» Data to process:
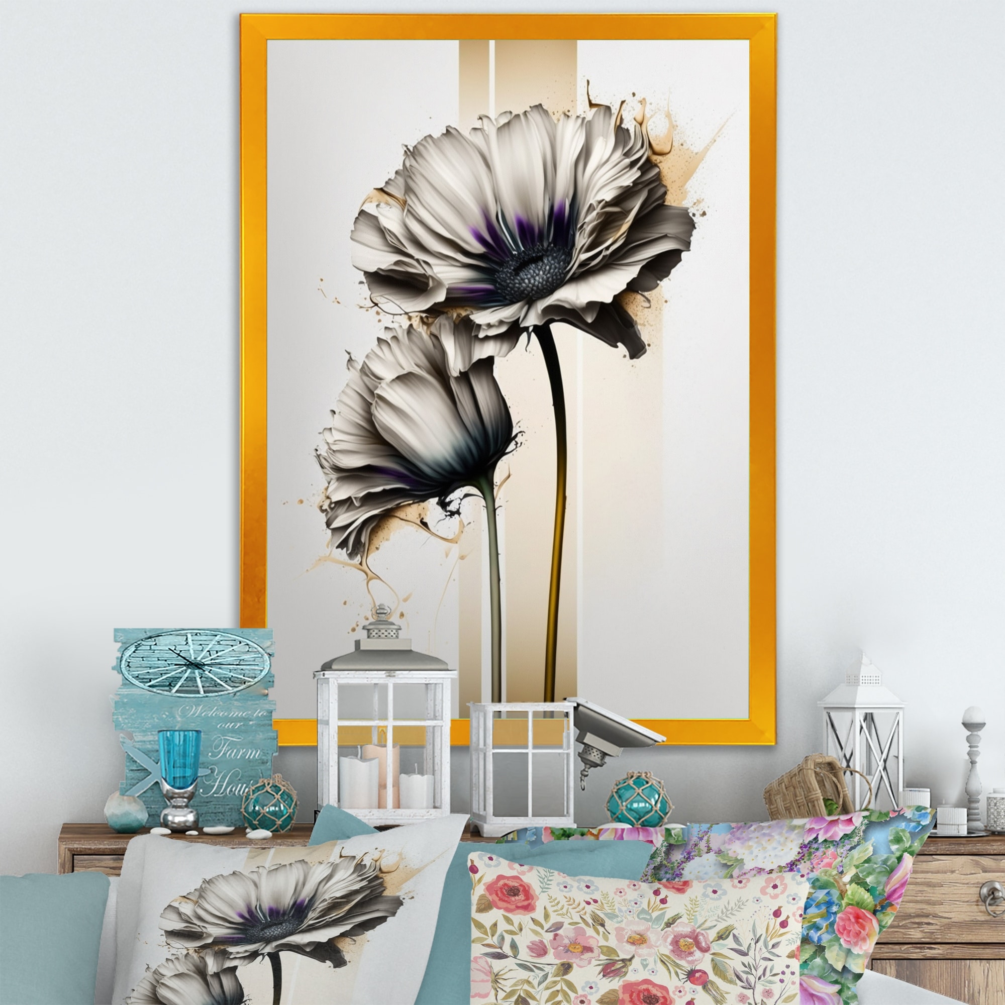 Designart "White Gerbera Flower on Golden Beige Paint I" Floral & Botanical Framed Art Print
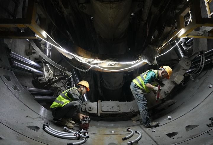 中鐵十八局集團(tuán)工人在石家莊市地鐵5號(hào)線一期工程01工區(qū)建設(shè)工地施工(2025年10月24日攝)。新華社記者 楊世堯 攝
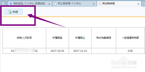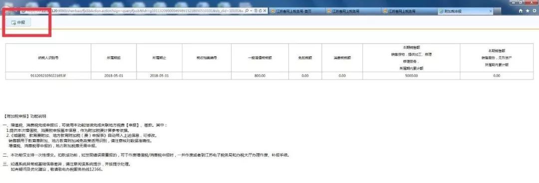 17、这时会进入附加税申报页面,我们点击左上角位置的“申报”按钮进行税务申报。
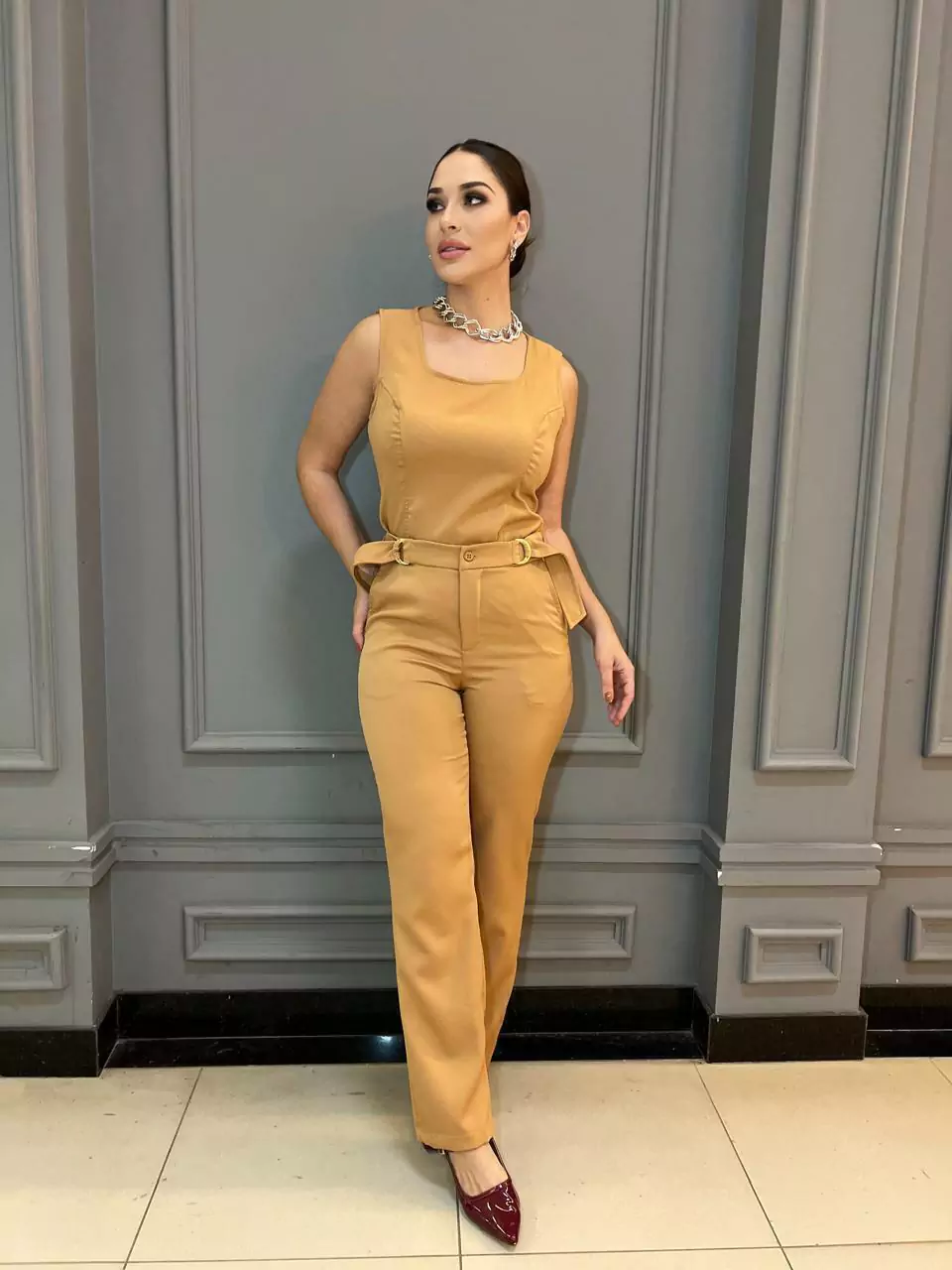 A Calça Filipinas Flare | Thays Balla oferece um toque de elegância e sofisticação com seu design em alfaiataria e flare, feito em tecido de alta qualidade com 95% poliéster e 5% elastano. O detalhe do cinto dourado e o bolso lateral proporcionam um visual moderno e prático, perfeito para quem busca estilo e conforto.
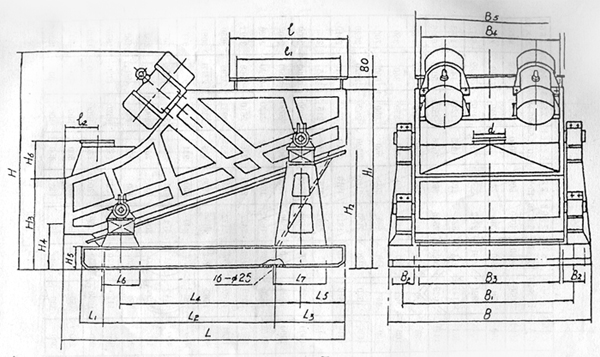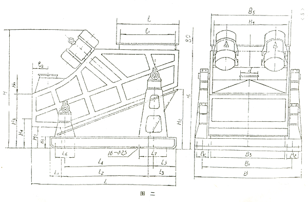ZSG系列單層高效重型振動篩的外形及安裝尺寸見圖一、表二。
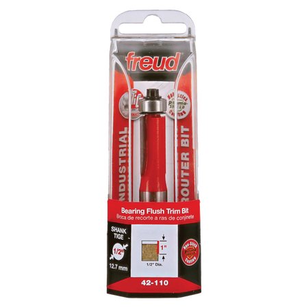 Freud's Flush Trim Bit range includes bits for any trimming application. Use these bits for precise trim work on laminate counter tops, to follow patterns to create or duplicate intricate shapes, or for any task requiring a clean cut-off along a flush edge with a smooth, burn-free cut. Use on hardwood, softwood, plywood, composites and laminates on hand-held or table-mounted routers. Two flute bits provide faster cutting and three flutes yield a superior finish.
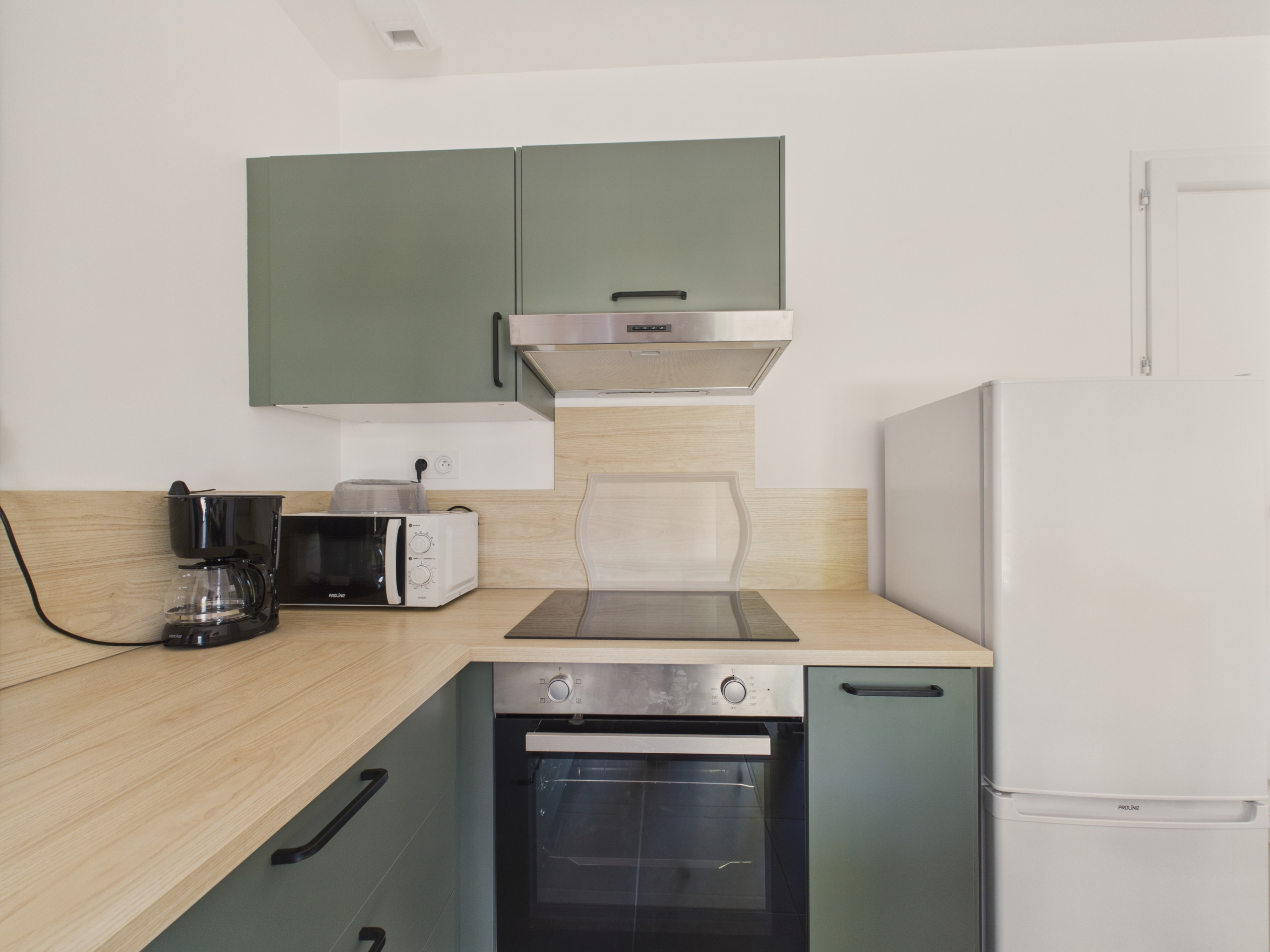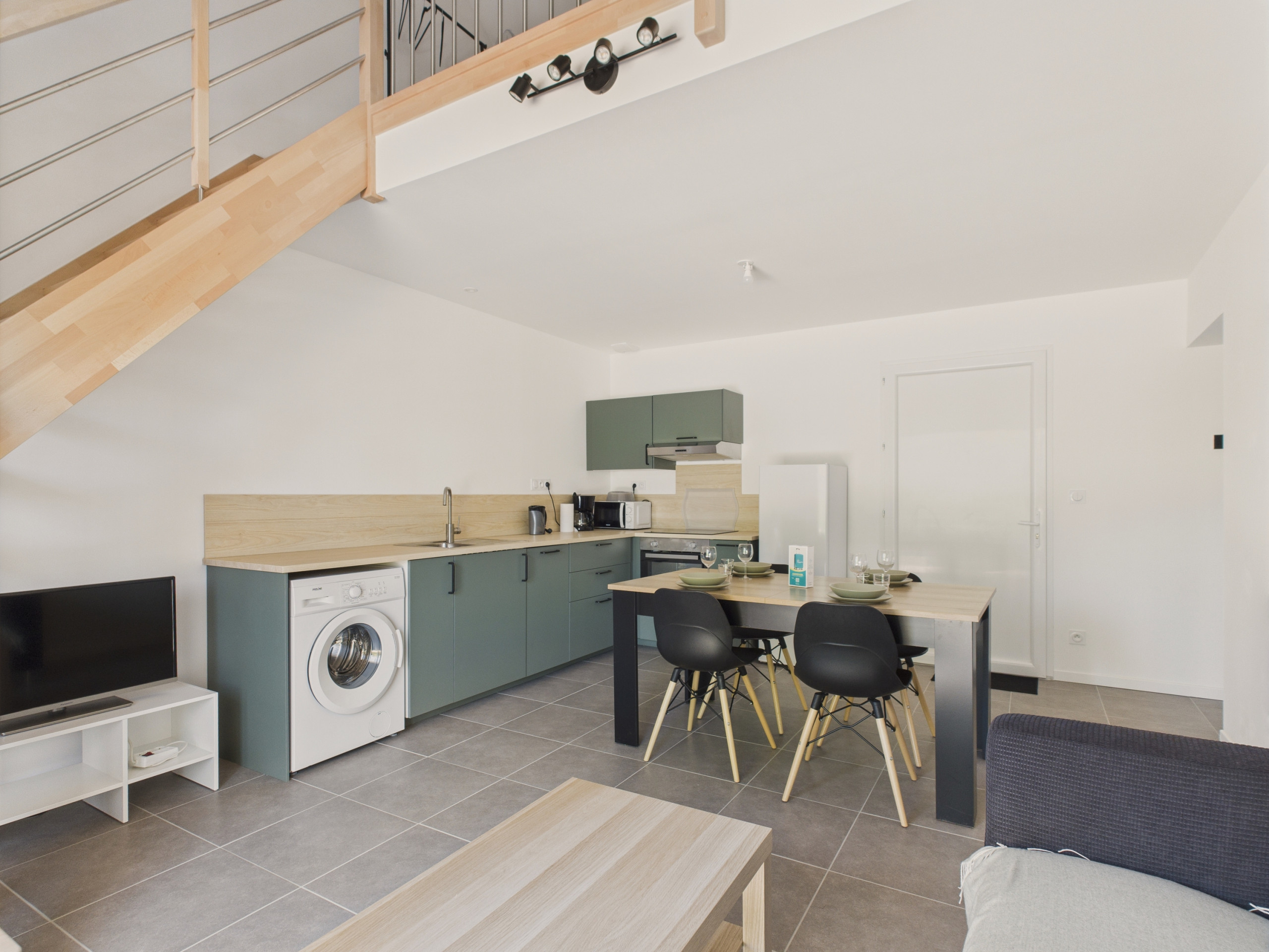 Sie finden eine gut ausgestattete Küche (Induktionsherde, Kühlschrank, Mikrowelle, Gefrierschrank, Geschirrspüler, Kaffeemaschine, Toaster, Wasserkocher und Zitrusspresse), um leckere Mahlzeiten zuzubereiten. Sie ist offen zu einem runden Tisch, an dem Sie sich gerne versammeln werden, um diese köstlichen Gerichte zu genießen und Momente des Lachens zu teilen. Anschließend ermöglicht Ihnen das Wohnzimmer eine Pause vor dem Fernseher. Wenn der Abend kommt, können Sie das Sofa ausklappen, um sich dort für die Nacht einzukuscheln. Schließlich finden Sie ein Schlafzimmer mit einem Doppelbett in hellen Tönen und ein Badezimmer, um sich nach Ihrer Rückkehr vom Strand eine gute Dusche zu gönnen.
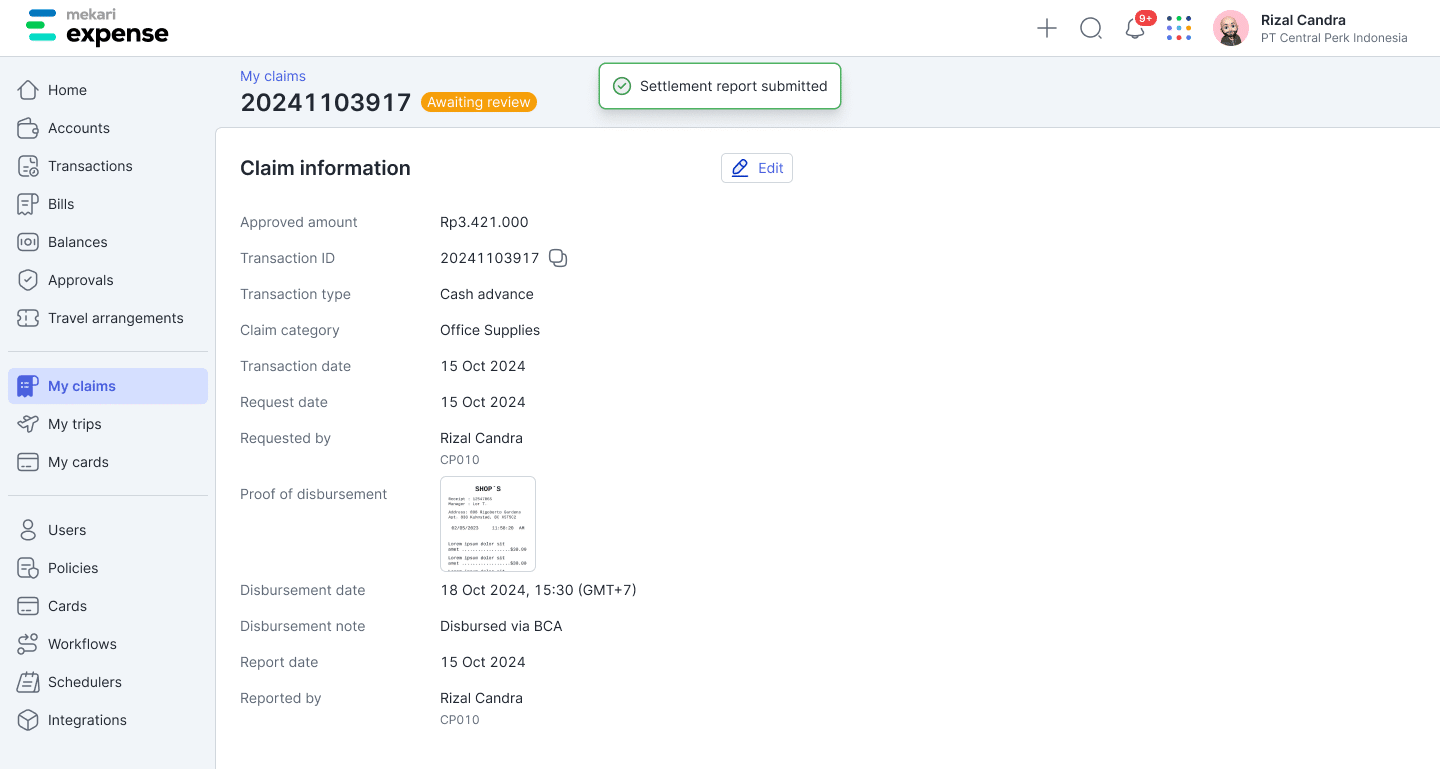 Setelah pengajuan disetujui, dana dicairkan dan langsung tercatat dalam sistem. Melalui integrasi dengan Mekari Jurnal, transaksi cash advance tersebut otomatis masuk ke pencatatan keuangan, sehingga tim finance sudah memiliki visibilitas terhadap dana yang keluar sejak awal.

» Problem statement: When repeating the listing, keep each line exact and exclude the pictures.

» Completed exercise:
 Designart "White Gerbera Flower on Golden Beige Paint I" Floral & Botanical Framed Art Print
 中鐵十八局集團(tuán)工人在石家莊市地鐵5號(hào)線一期工程01工區(qū)建設(shè)工地施工(2025年10月24日攝)。新華社記者 楊世堯 攝
 17、这时会进入附加税申报页面,我们点击左上角位置的“申报”按钮进行税务申报。
 A Calça Filipinas Flare | Thays Balla oferece um toque de elegância e sofisticação com seu design em alfaiataria e flare, feito em tecido de alta qualidade com 95% poliéster e 5% elastano. O detalhe do cinto dourado e o bolso lateral proporcionam um visual moderno e prático, perfeito para quem busca estilo e conforto.
ZSG系列單層高效重型振動篩的外形及安裝尺寸見圖一、表二。
 Freud's Flush Trim Bit range includes bits for any trimming application. Use these bits for precise trim work on laminate counter tops, to follow patterns to create or duplicate intricate shapes, or for any task requiring a clean cut-off along a flush edge with a smooth, burn-free cut. Use on hardwood, softwood, plywood, composites and laminates on hand-held or table-mounted routers. Two flute bits provide faster cutting and three flutes yield a superior finish.
 Sie finden eine gut ausgestattete Küche (Induktionsherde, Kühlschrank, Mikrowelle, Gefrierschrank, Geschirrspüler, Kaffeemaschine, Toaster, Wasserkocher und Zitrusspresse), um leckere Mahlzeiten zuzubereiten. Sie ist offen zu einem runden Tisch, an dem Sie sich gerne versammeln werden, um diese köstlichen Gerichte zu genießen und Momente des Lachens zu teilen. Anschließend ermöglicht Ihnen das Wohnzimmer eine Pause vor dem Fernseher. Wenn der Abend kommt, können Sie das Sofa ausklappen, um sich dort für die Nacht einzukuscheln. Schließlich finden Sie ein Schlafzimmer mit einem Doppelbett in hellen Tönen und ein Badezimmer, um sich nach Ihrer Rückkehr vom Strand eine gute Dusche zu gönnen.
 Setelah pengajuan disetujui, dana dicairkan dan langsung tercatat dalam sistem. Melalui integrasi dengan Mekari Jurnal, transaksi cash advance tersebut otomatis masuk ke pencatatan keuangan, sehingga tim finance sudah memiliki visibilitas terhadap dana yang keluar sejak awal.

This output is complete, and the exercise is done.